House of Representatives
- In office 2015–2023
- Preceded by: Razaq Bello-Osagie
- Succeeded by: Esosa Iyawe
- Constituency: Oredo

Personal details
- Born: 16 April 1974 (age 52)

= Omoregie Ogbeide-Ihama =

Nigerian politician

Omoregie Ogbeide-Ihama is a Nigerian politician and engineer who served as a member of the Nigerian House of Representatives, representing Oredo Federal Constituency from 2015 to 2023.

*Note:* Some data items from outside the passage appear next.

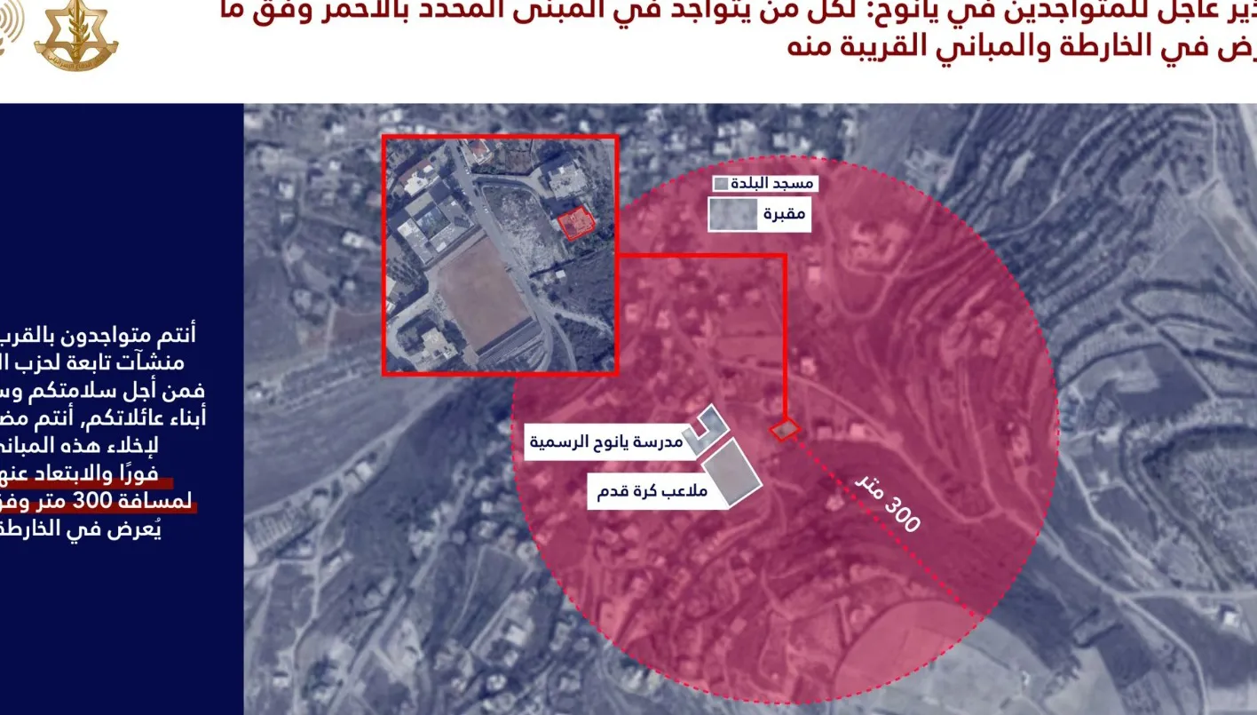 مساء أمس، أعلن المتحدث باسم الجيش الإسرائيلي أفيخاي أدرعي أنه "بعد إصدار الإنذار لمنزل في بلدة يانوح، توجه الجيش اللبناني عبر الآلية بطلب الوصول مجدداً إلى الموقع المحدّد الذي تم تجريمه ومعالجة خرق الاتفاق"، مضيفاً: "لقد قرّر الجيش الإسرائيلي السماح بذلك وبناء عليه تم تجميد الغارة موقّتاً حيث يراقب الهدف بشكل مستمر ويبقى على تواصل مع الآلية".
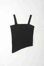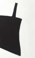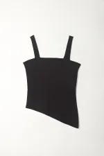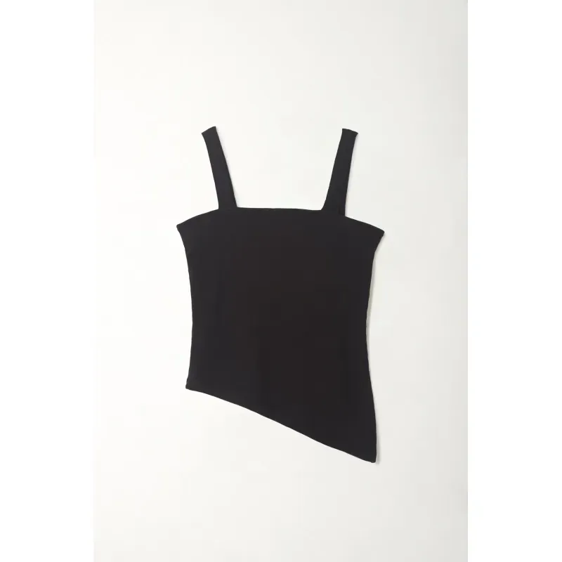Con una silueta ajustada y tiras anchas que enmarcan los hombros, esta camiseta reinventa lo básico con un toque moderno: su ruedo asimétrico en diagonal aporta dinamismo y una dosis sutil de actitud.
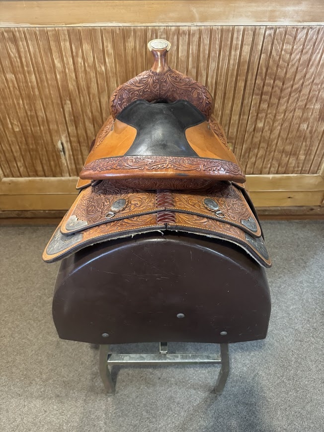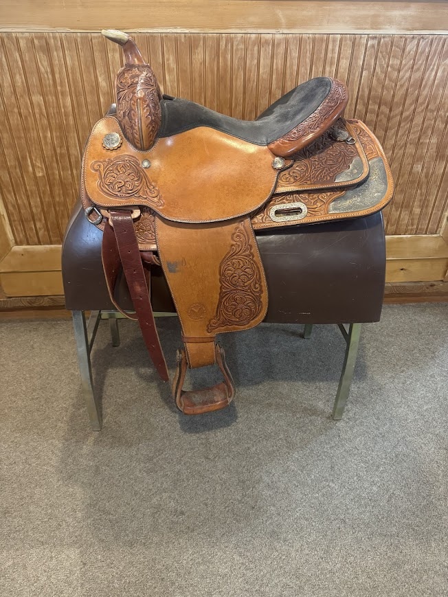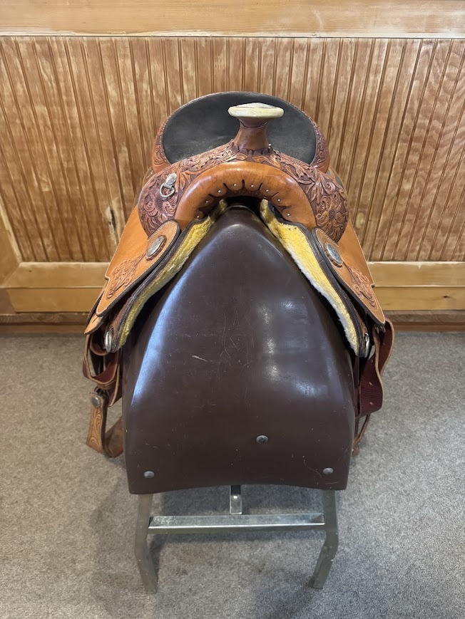 Gently used Circle Y Equitation saddle in excellent condition. Features a 15.5” seat and wide tree for a balanced, comfortable ride. Ideal for riders seeking quality craftsmanship, support, and classic western style.
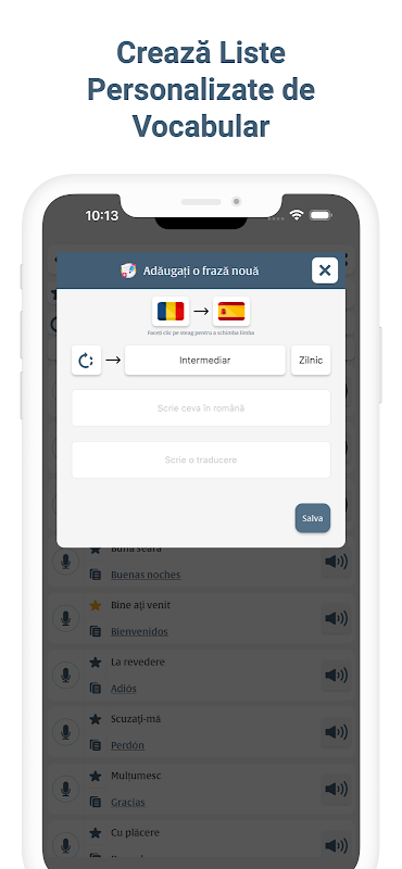 ہماری ایپ خاص طور پر رومانیہ بولنے والوں کے لیے بنائی گئی ہے، جو رومانیہ میں ترجمے، وضاحتیں اور مثالیں فراہم کرتی ہے تاکہ آپ کو ہسپانوی تصورات کو آسانی سے سمجھنے میں مدد ملے۔ یہ دونوں زبانوں کے درمیان فرق پیدا کرتا ہے، سیکھنے کے ایک ہموار تجربے کو یقینی بناتا ہے۔
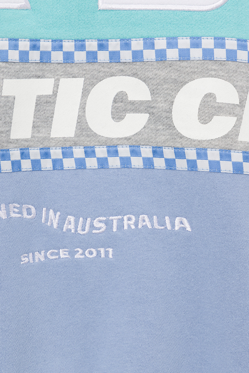 Obsessed with this colour way! The Elm Sweater is made from a natural terry back cotton sweater fabric in marl grey, aqua and blue hues. It is a relaxed style featuring a crew neck, blue ribbed trims on neckline and sleeve cuffs, extra long full length sleeves with wide cuffs and embroidery, patch and tape detailing throughout. Pair with bike shorts! Designed exclusively by Sabo.

== Early life and education ==
Ogbeide-Ihama started his education at Emotan nursery and primary schools in Benin City, Edo State. He then enrolled in the Unity School, Federal Government College Warri, where he graduated in 1993 with a senior school diploma. He continued on to the University of Benin, where he studied and earned a Bachelor's Degree in Civil Engineering in 1999 with Second Class Honors (Upper Division). He graduated in 2009 with an MBA in Oil and Gas Management from Robert Gordon University in Aberdeen, Scotland.

== Career ==
In 2015, Ogbeide-Ihama was elected to represent Oredo Federal Constituency in the Federal House of Representatives on the People's Democratic Party (PDP) platform. In 2019, he was re-elected member of House of Representatives till 2023.

In 2022, he won the senatorial ticket for Edo South Federal Constituency.

Ogbeide-Ihama entered the 2024 Edo State gubernatorial race but withdrew his candidacy on 12 February 2024.